- The Washington Times - Saturday, October 25, 2003

‘Tis the season for pumpkin carving, and here are some tips from professional gourd artist Hugh McMahon of Brooklyn, N.Y., on how to make the best of it:

• Pick a pumpkin that suits the design: “If you’re doing a portrait, you need a tall pumpkin. But if you’re doing a cat, for example, you’d probably want a rounder pumpkin,” says Mr. McMahon, who specializes in pumpkin portraits of such celebrities as Martha Stewart and Arnold Schwarzenegger.

• A lighter-colored pumpkin will glow better.

• Keep the pumpkin in a cool place.

• Cut the underside of the pumpkin to clean out the seeds. When cutting the underside, make sure the pumpkin can stand and has good balance.

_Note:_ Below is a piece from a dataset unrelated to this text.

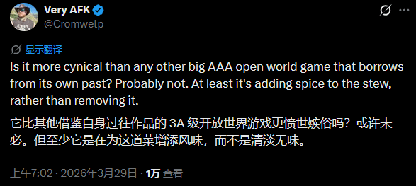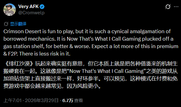 同时,Michael Douse也对这种玩法拼接的模式发表了自己的看法,他认为,这种设计未来可能会更多出现在高价3A游戏和免费游戏中,核心原因在于这种模式的风险更低,无需投入大量精力去打造原创核心玩法。不过他也补充道,这种“投机”未必比那些反复复用自身玩法的3A开放世界游戏更逊色,“至少它是在往游戏里添加内容,而不是偷工减料”。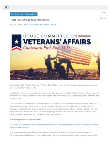 “I applaud the House for coming together to pass nine bipartisan veterans bills. This Congress, the House has sent

• For portraiture, pumpkin-carving tools are not sharp enough. Mr. McMahon uses vegetable and fruit knives as well as an Exacto knife for precision cutting. Children, however, should use duller pumpkin-carving tools, he says.

In his designs, Mr. McMahon sometimes doesn’t cut through the pumpkin completely but leaves a sheer layer of pumpkin wall to create shadows and other details.

• Use a water-based marker to work on the design on the pumpkin itself. The design also can be done on a piece of paper and then traced onto the pumpkin.

• In picking a design, Mr. McMahon urges adults and children to “use your imagination, do something you wouldn’t normally see.” Beginners should keep designs simple, though, avoiding too many curves and angles.

• When you have finished carving, spray the pumpkin with lemon juice, which will make it last longer.